创作家大抵憎恶批评家的七嘴八舌。【首先叙述一种现象,即创作家等对批评家持有偏见,后文对此举两例加以说明。】
记得有一位诗人说过这样的话:诗人要做诗,就如植物要开花,因为他非开不可的缘故。如果你摘去吃了,即使中了毒,也是你自己错。【此段引用诗人的原话,按照诗人的说法,文学就是作者和读者两个人之间的事,根本用不着批评家,而且读者没有权利批评作品的好坏。】
这比喻很美,也仿佛很有道理的。但再一想,却也有错误。错的是诗人究竟不是一株草,还是社会里的一个人;况且诗集是卖钱的,何尝可以白摘。一卖钱,这就是商品,买主也有了说好说歹的权利了。

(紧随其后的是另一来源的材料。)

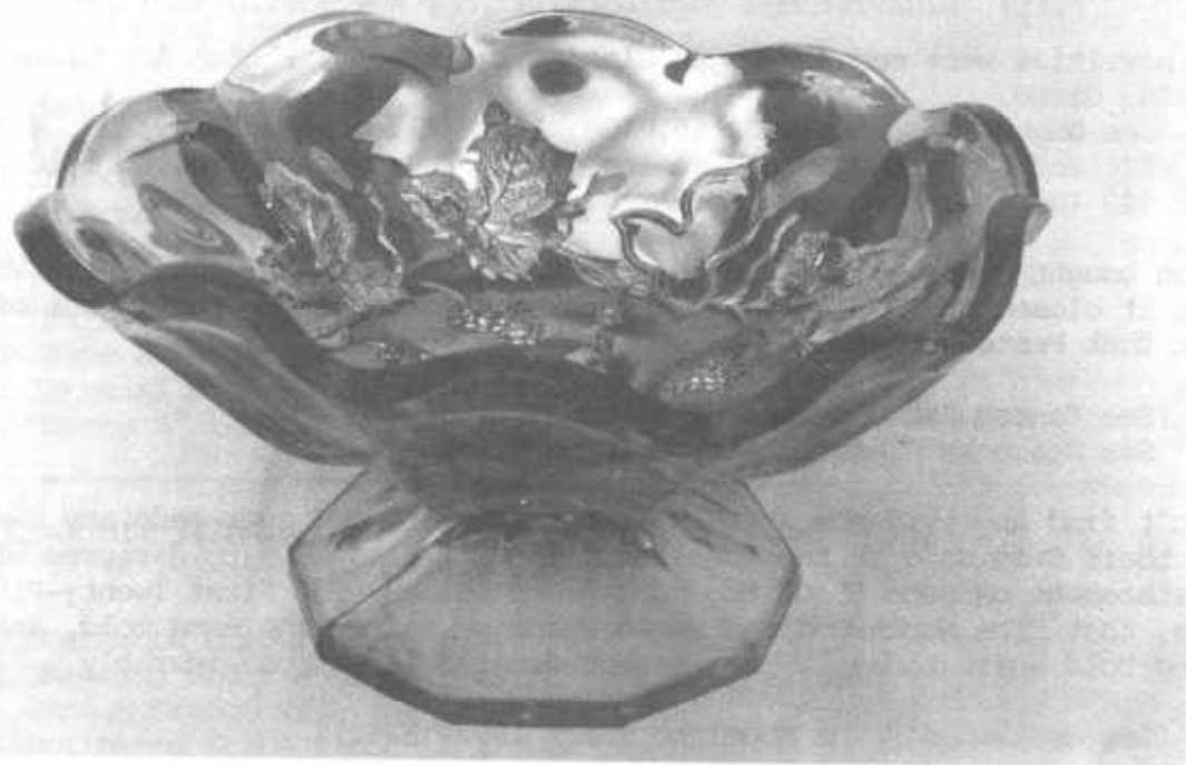
CASE OF THE ABSENTEE LEAF STRAWBERRY WREATH

The four compotes known to display one leaf without stippling may be forerunners to the ruffled compotes in that pattern which we find in amethyst-lavendar, marigold, green, with all leaves stippled.
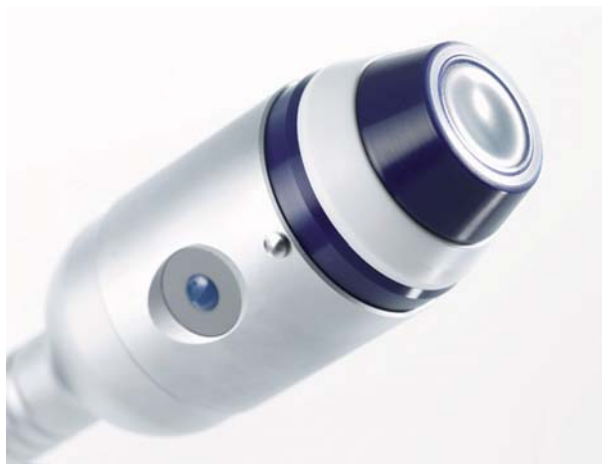
Figure 1. C-Actor handpiece of the Duolith SD1 system.

Three of these patients had received bilateral primary aesthetic augmentation with smooth implants with a volume of 200–240 ml. One patient had undergone unilateral surgery to correct breast asymmetry, while another patient with tuberous breast malformation had received bilateral surgery. In one subject, re-augmentation with smooth implants had been necessary following an infection, while another patient had previously undergone two implant replacements due to the development of capsular
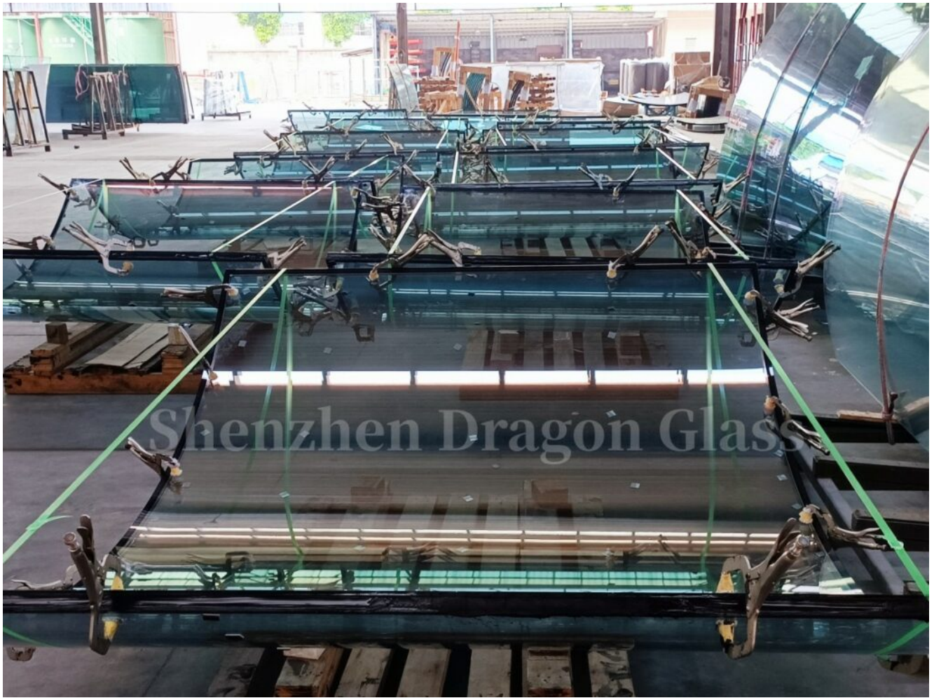
Jumbo size curved laminating glass
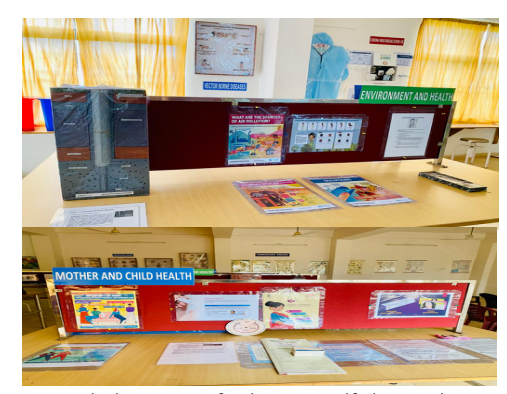
Upgraded Museum facilitating Self-directed learning for the students
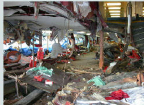
The interior of the Staten Island Ferry after colliding with a maintenance pier.

The Board made recommendations to the NYC DOT, U.S. Coast Guard, the states operating public ferries as well as the Passenger Vessel Association.
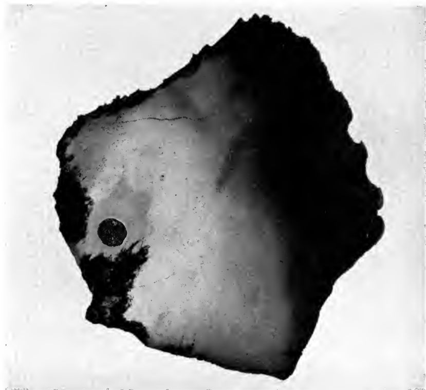
FIG. 57. Etched section with a rounded nodule of troilite, which is partially surrounded by schreibersite. No rhabdites have been observed in this section. About \times 8/10 .

The shape of the meteorite, as it appears now, is roughly that of a flattened elongated cone (fig. 55). The original shape cannot be reconstructed, chiefly because weathering has progressed unevenly. At one end, however, where it has progressed the least, outlines of
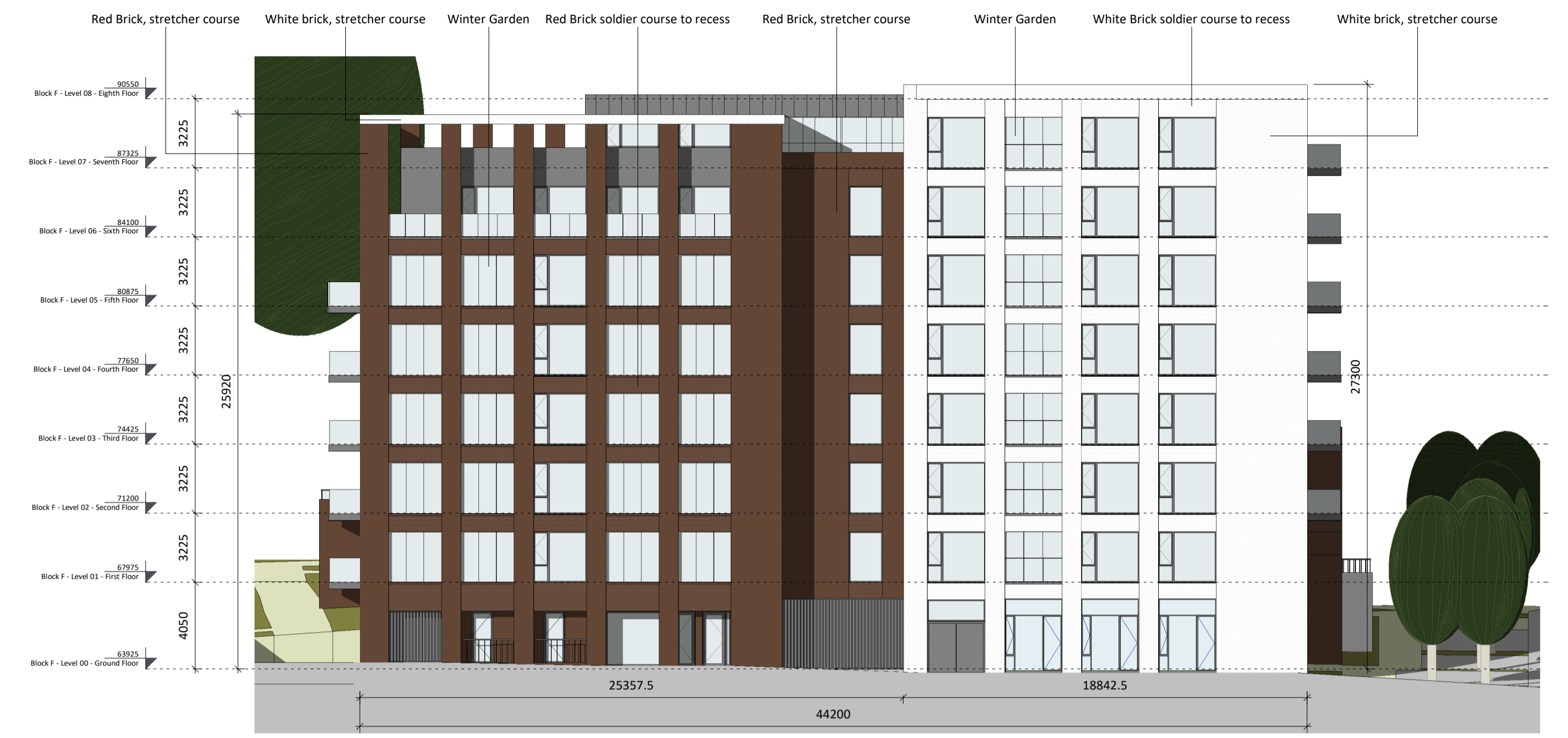
② Block F NW Elevation 1: 200
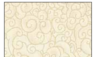
NIWA 4389 E
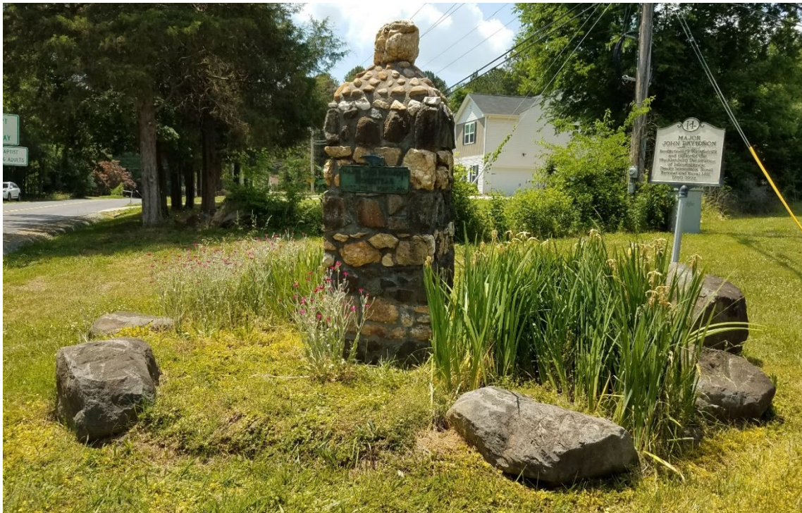
Rural Hill Directional Marker
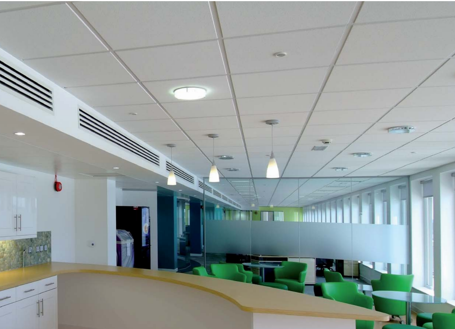
DUNE Angled Tegular with Peakform Prelude XL 24mm Exposed Tee Grid
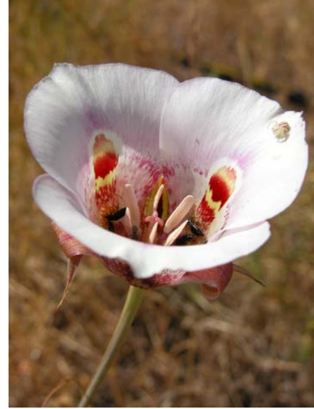
White Butterfly Mariposa Lily Calochortus venustus Native Perennial Lily Family
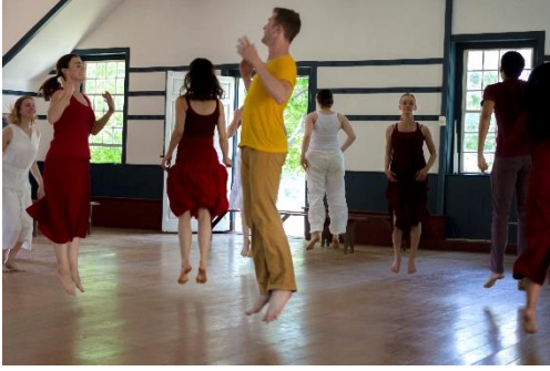
Figure 1 Mariam Ghani and Erin Ellen Kelly, Jump from the series When the Spirits Moved Them, They Moved , 2019. Dye transfer print on dibond. (c) Mariam Ghani & Erin Ellen Kelly; Courtesy of the artists.

As I entered the dark gallery displaying the artists' three-channel video, I also encountered three wooden benches set up on the gallery floor. The benches provide a physical counter to the three, two-dimensional projections illuminating the wall opposite the entrance. The video's horizontal arrangement evokes a triptych, accentuated by the artists' decision to project the same footage, flipped horizontally, on each of the two outside channels. "The symmetrical format of the 3-channel installation," Ghani explains on her website, "refers to the highly symmetrical gift drawings produced by Shakers as depictions of the visions received during these meetings" (2019).

即使真是花罢,倘不是开在深山幽谷,人迹不到之处,如果有毒,那是园丁之流就要想法的。花的事实,也并不如诗人的空想。【以上两段是作者诗人的原话的看法,主要表达了两个观点:一是如果诗人的作品是读者通过买卖而获得,那么读者就有权进行评论;二是就算读者未通过买卖获得诗人的作品,但只要诗人的作品还有人读,那么就应该有批评家对其进行批评。批评家的作用就相当于“园丁”对花草进行甄别,剔除有毒花草,留下观赏价值高的植物,供人观赏。以上为第一个例子。】
现在可是换了一个说法了,连并非作者,也憎恶了批评家,他们里有的说道:你这么会说,那么,你倒来做一篇试试看!【此段叙述另一种抨击批评家的具体方式。后文为对此的分析和看法。】
这真要使批评家抱头鼠窜。因为批评家兼能创作的人,向来是很少的。【此段表达对此种手段的总体观感。】
我想,作家和批评家的关系,颇有些像厨司和食客。厨司做出一味食品来,食客就要说话,或是好,或是歹。厨司如果觉得不公平,可以看看他是否神经病,是否厚舌苔,是否挟夙嫌,是否想赖账。或者他是否广东人,想吃蛇肉;是否四川人,还要辣椒。于是提出解说或抗议来——自然,一声不响也可以。但是,倘若他对着客人大叫道:“那么,你去做一碗来给我吃吃看!”那却未免有些可笑了。【此段通过打比方的方式揭露如此抨击批评家之荒谬可笑。以上为第二个例子。】
诚然,四五年前,用笔的人以为一做批评家,便可以高踞文坛,所以速成和乱评的也不少,但要矫正这风气,是须用批评的批评的,只在批评家这名目上,涂上烂泥,并不是好办法。不过我们的读书界,是爱平和的多,一见笔战,便是什么“文坛的悲观”②呀,“文人相轻”③呀,甚至于不问是非,统谓之“互骂”,指为“漆黑一团糟”。果然,现在是听不见说谁是批评家了。但文坛呢,依然如故,不过它不再露出来。【此段指出,为防止批评家乱评,可通过“批评的批评”的方式,而不能单纯抨击批评家,并列举了当时抨击批评家的各种形式以及导致的后果。】
文艺必须有批评;批评如果不对了,就得用批评来抗争,这才能够使文艺和批评一同前进,如果一律掩住嘴,算是文坛已经干净,那所得的结果倒是要相反的。【此段总结前文,明确和重申自己的观点:一是文坛需要批评家进行批评;二是可通过“批评的批评”的方式来防止批评家乱评;三是如果单纯排除批评家,文坛看似没有纷争,实际上对文坛的发展不利。】
【注释】
①本篇最初发表于一九三四年八月二十三日《申报·自由谈》。原题为《批评家与创作家》。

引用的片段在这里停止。